Next, a report from the U.S. Census Bureau showed that advance estimates of retail and food services sales in June totaled $473.5 billion. That was a 0.2 percent decrease from May and significantly worse than economists had expected. The declines were broad based last month, including large losses at department stores, sporting goods outlets, and restaurants. Core retail sales (excluding automotive and gasoline sales) fell 0.1 percent in June, nowhere near the 0.4 percent gain analysts had anticipated. Overall, this was a disappointing report which suggests that even in a tightening labor market, consumers will remain cautious about spending until they see a meaningful pickup in wage growth. Today’s soft retail sales data should also cause some analysts to lower their projections for second quarter U.S. gross domestic product (GDP) growth.

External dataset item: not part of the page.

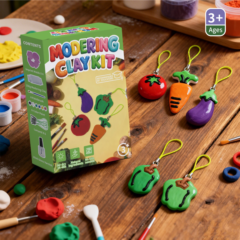 Kit de pâte à modeler à l'air libre sur le thème des légumes pour enfants, pour la création de pendentifs et porte-clés, non toxique, sans cuisson, sûr, cadeau artisanal éducatif pour enfants
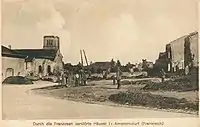 Monument aux morts. Au fond : calvaire à côté de l'église.

Elsewhere, the consumer sentiment index from the University of Michigan fell to 93.1 in July, significantly worse than expected and the weakest headline reading since October. Under the hood, surveyed Americans’ opinion of current economic conditions firmed this month but outlooks on the future deteriorated. Richard Curtin, director of the consumer survey, added that “Overall, the recent data follow the same pattern repeatedly recorded around past cyclical peaks: expectations start to post significant declines while assessments of current economic conditions continue to reach new peaks. To be sure, the data do not suggest an impending recession. Rather, the data indicate that hopes for a prolonged period of 3% GDP growth sparked by Trump's victory have largely vanished.”
Finally, data from the Federal Reserve Board of Governors showed that industrial activity in America rebounded last month, as total production rose by 0.4 percent. That was better than the 0.3 percent gain economists had expected and the May figure was revised higher. As a result, the year-over-year pace of growth increased to a 29-month high. Further, manufacturing, which makes up roughly 75 percent of all industrial production, lifted by 0.2 percent in June, and capacity utilization, sometimes used as a leading indicator of inflation and potential output, increased to 76.6 percent, the best reading since February.